#### 311A - The Closest Pair

http://codeforces.com/blog/entry/7787

#### 311B - Cats Transport

P.S. I feel very sorry that I thought it was a traditional DP problem with only 800B code and didn't realize some participants were not familiar with such kind of problems, so I said it was easy.

Let a[i] be the distance from hill 1 to hill i, s[i]=a[1]+a[2]+…+a[i].

Firstly, we sort the cats by (Ti-a[i]). Then we can divide the cats into P consecutive parts, and plan a feeder for each part. **Dynamic Programming** can solve this problem.

Let f[i,j] indicates the minimum sum of waiting time with i feeders and j cats.

f[i,j] = f[i-1,k]+a[j]*(j-k)-s[j]+s[k] = a[j]*j-s[j] + f[i-1,k]+s[k]-a[j]*k

That’s O(PM^2). It’ll get TLE.

Let p>q, if p is "better" than q, then:

f[i-1,p]+s[p]-a[j]*p>f[i-1,q]+s[q]-a[j]*q

(f[i-1,p]+s[p])-(f[i-1,q]+s[q])>a[j]*(p-q)

g[p]-g[q]>a[j]*(p-q)

So we can use **Convex hull trick** with a queue.
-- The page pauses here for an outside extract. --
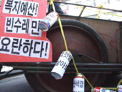 복지부 예산삭감을 규탄하는 내용의 퍼포먼스 일부(출처: 빈곤사회연대)
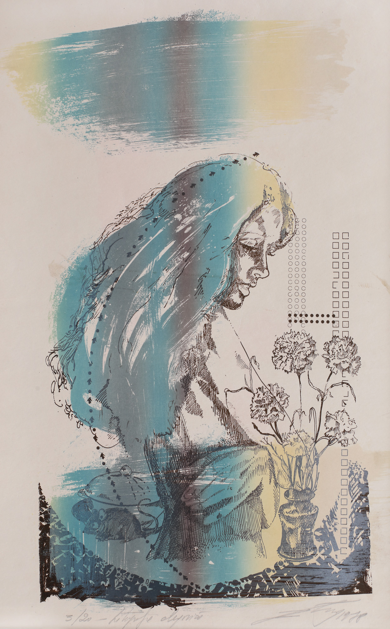 semnat și datat dreapta jos, în creion, "Zamfir, 1978"; numerotat și intitulat stânga jos, în creion, "3/20, litografie alegorică"

Then we get O(MP), which can pass the problem.

#### 311C - Fetch the Treasure

Firstly, we solve such a problem: if we can go exactly k,k1,k2……or kp cells forward each step, what cells can we reach?

We divide the H cells into k groups: Group 0,1……k-1. The i-th cell should be in Group (i mod k).

- If we reach Cell x in Group (x mod k), we can also reach Cell (x+kj , 1<=j<=p) in Group ((x+kj)mod k).
- If we reach Cell x in Group (x mod k), we can also reach Cell (x+k) in the same group.

Let D[i] be the minimum cell we can reach in Group i. Then we can reach all the cells which number are bigger then D[i] in Group i.

Regard the groups as points. Regard k,k1,k2……kp as edges. And use a Shortest-Path Algorithm to calculate all D[i].

Notice that there are at most 20 operations of type 1, we are able to run such an algorithm after each of these operations. The total time complexity is O(20*k*20*log(k)) with Dijkstra.

Secondly, we build a binary-heap to solve operations of type 2 and 3.

- Type1 – If a D[i] becomes smaller, we put the new cells we can reach into the heap.
- Type2 – Decrease a value of a node in the heap, or a cell in the “Treasure Cell” array.
- Type3 – Ask the biggest node in the heap and delete it.

These are basic operations of binary-heap. The time complexity is O(NlogN). In C++, you can also use priority_queue from STL and lazy-tags. So we can solve the whole problem in O(400klogk+NlogN).

#### 311D - Interval Cubing

http://codeforces.com/blog/entry/7787

#### 311E - Biologist

http://codeforces.com/blog/entry/7847

#### 312A - Whose sentence is it?

We only need to find out if “miao.” is a prefix of the sentence, and if “lala.” is a suffix of the sentence. Pay attention to the situation when both conditions are satisfied.

What is slope optimization?

I probably don't know its English name. It's a kind of optimization in DP using the monotonicity of the ratio of adjacent elements in a queue. The problem "Commando" in APIO2010(http://www.apio.olympiad.org/2010/) is an example. But the one in this round is much easier than "Commando".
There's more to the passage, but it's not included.